# Schutzhund puppy video



## Stephanie17s (Jun 16, 2009)

http://www.youtube.com/watch?v=6aO0ayIefBg

This was intense to watch! She was so proud every time she got the rag! 

Is this considered normal training for a 12 week old puppy? I looked up their website too. http://www.starkepfoten.com/ Not familiar with them, but fascinated


----------



## angelaw (Dec 14, 2001)

The comments pretty well sum it up. Not abnormal. gets pup used to unsure footing, use to hands/sticks coming over etc.


----------



## GSDTrain (Apr 21, 2008)

i've seen this one before but, it is very interesting to watch!


----------



## Stephanie17s (Jun 16, 2009)

> Originally Posted By: GSDTraini've seen this one before but, it is very interesting to watch!


It showed up in the "recommended for me" video section so I took a look at it! I thought it was really interesting to see such a young dog have such focus. I guess thats what is meant by high drive? lol



> Originally Posted By: Angela_WThe comments pretty well sum it up. Not abnormal. gets pup used to unsure footing, use to hands/sticks coming over etc.


Very interesting. I had never seen such a young puppy in training before.


----------



## Liesje (Mar 4, 2007)

K, noob disclaimer here, but at least from what I have seen and experienced so far, I wouldn't really call it normal or abnormal. I didn't do all that with my puppy and don't know anyone who did, but if you know what you're doing it's not going to hurt. Key phrase there being "if you know what you're doing." I didn't, so whacking my puppy or even pretending to hit it and drive it would have been just plain stupid for me to do. I didn't do a lot of ragwork either, and actually just started using tugs as rewards and for obedience (my puppy is now 12 months) because again, I didn't really know what I was doing and in that case, best to not do anything than screw up your dog's grip or accidentally give him a really bad experience.

To me, it's "normal" to take any new pup out and get it used to as many things as possible, but for me that is more broad than just SchH stuff like ragwork, getting stick hits, etc. I took my puppy all over to lots of places with lots of sounds, smells, and textures.


----------



## sunfluer (May 12, 2009)

<span style='font-size: 11pt'>Interesting video but not into it really. Guess I'm too soft on my dogs.







</span>


----------



## Virginia (Oct 2, 2008)

This is generally how the puppies that are destined for SchH are brought up at my club, it seems to build very intense drive for the rag and eventually the sleeve, as well as get them used to being touched all over and being around the sticks. I think if I ever got a pup from a breeder specifically for trialing in SchH I would put him through that at a young age too.


----------



## sunfluer (May 12, 2009)

<span style='font-size: 11pt'>I understand. Looking at the video it seems there were times he was stroking the pup. I have no experience with the technique, it seems harsh but it's probably not. The pup didn't seem to mind whatsoever. In fact, the pup was probably enjoying it. I can see where the idea in part is desensitizing so there's no fear.</span>


----------



## Crookedcreekranch (May 27, 2008)

Wow that pup has excellent focus and seems to be thoroughly enjoying himself.
My only concern is the lifting off the ground when so young because of the puppy teeth. I do see at times he supports the pups body against his leg but many times he is not and swinging...not an expert on canine canines but would seem not the best thing on developing teeth? anyone know more about that then me? chime in...

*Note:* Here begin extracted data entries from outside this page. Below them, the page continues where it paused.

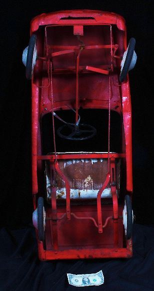 Antique Vintage Red Pedal Car c.1930-50's. Awesome Collector's Item. As-Is Condition. Measures 42" long, 18" wide and weighs 25lbs. Dollar bill in photo is to demonstrate size of the pedal car, it is not included.
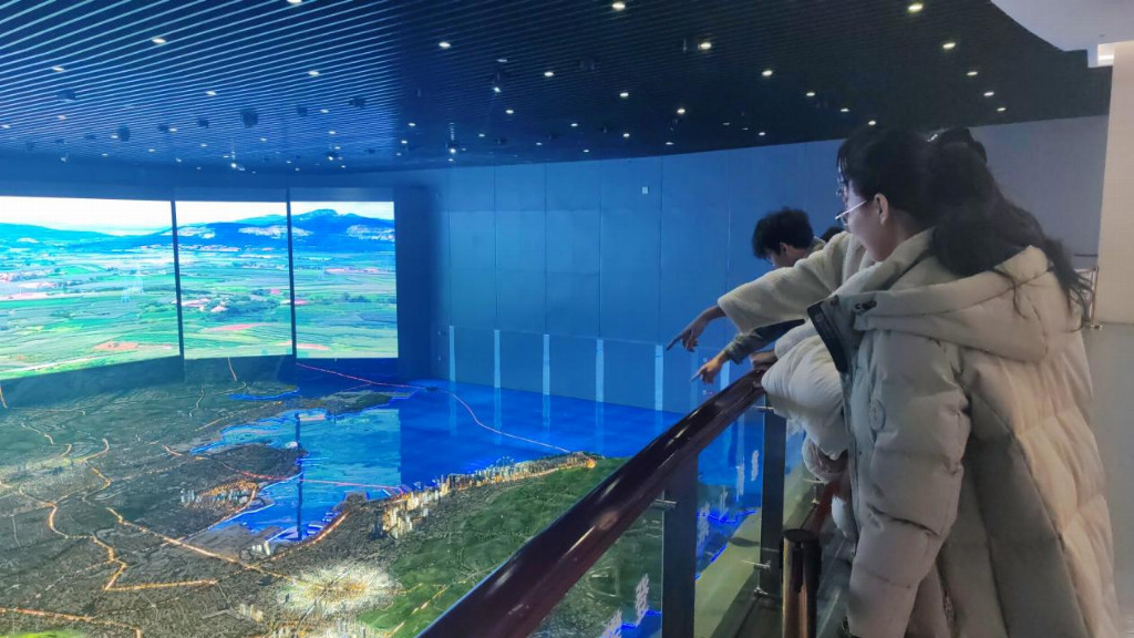 实践团成员前往大连市城市规划展示中心学习。序厅巨幅时间轴将1899年建港、1945年解放、1984年沿海开放、2019年“海洋中心城市”定位依次铺陈;核心区沙盘与立面影像同步点亮,青泥洼渔村—港口东迁—金普新区—太平湾合作创新区的空间跳跃一目了然。讲解员向实践团成员重点介绍了“2025年海岸线公共化率≥80%”“钻石湾—梭鱼湾海洋活力走廊”等目标,使成员们对“港—产—城”互动脉络与官方尺度有了直观的把握。
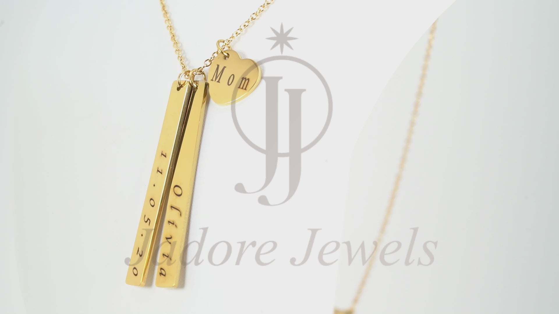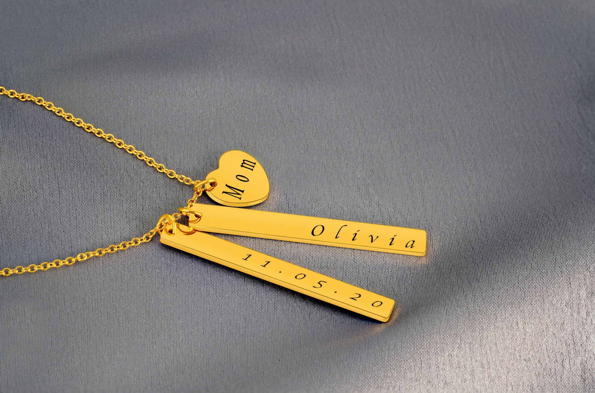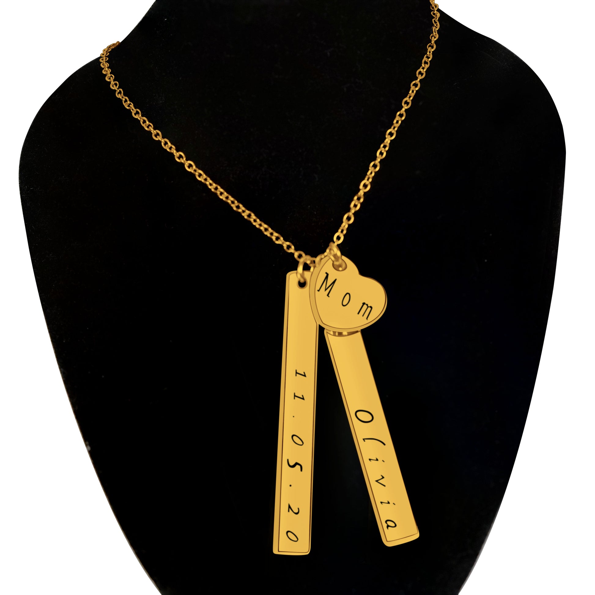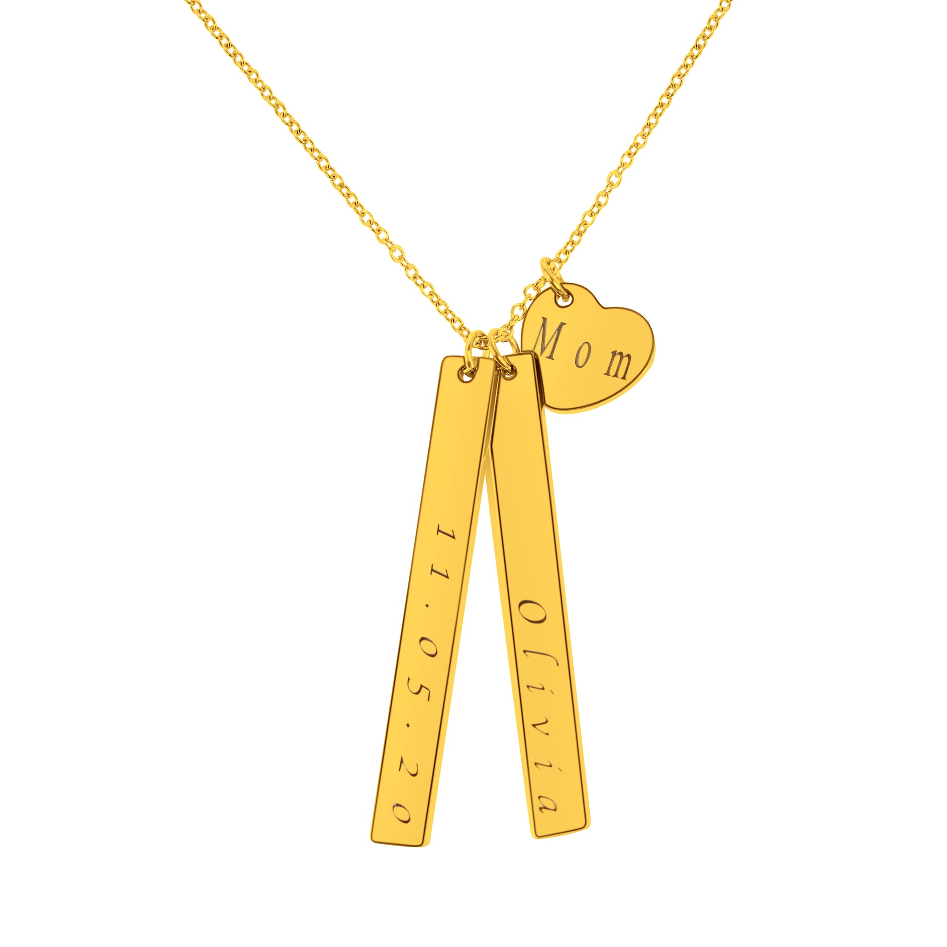 2 Bars (50mm x 6mm x 1.5mm) & 1 Heart Pendant Personalized (14mm x 12.5mm) On a 18K Vermeil Necklace

But I really liked all the conditioning that was being done on a pup so young....that should be one tough dog!


----------



## cliffson1 (Sep 2, 2006)

The reason he can do all those things with this puppy is genetics. The pedigree on all the breeding stock at that kennel is very sound. What he is doing with that puppy really has little to do with "high drive" and everything to do with solid nerves. Look at the puppy's body language, tail wagging, no stress. Nice puppy. 
In looking at the website, I noticed that their sire, Kanto is not only a high DRIVE national Sch competitor, but he SETTLES in the house real nice with the family. How is that possible when all I've been told on this forum is about these high drive dogs you can't live with.....must be a mistake!!


----------



## valkyriegsd (Apr 20, 2000)

> Originally Posted By: Crooked CreekWow that pup has excellent focus and seems to be thoroughly enjoying himself. My only concern is the lifting off the ground when so young because of the puppy teeth.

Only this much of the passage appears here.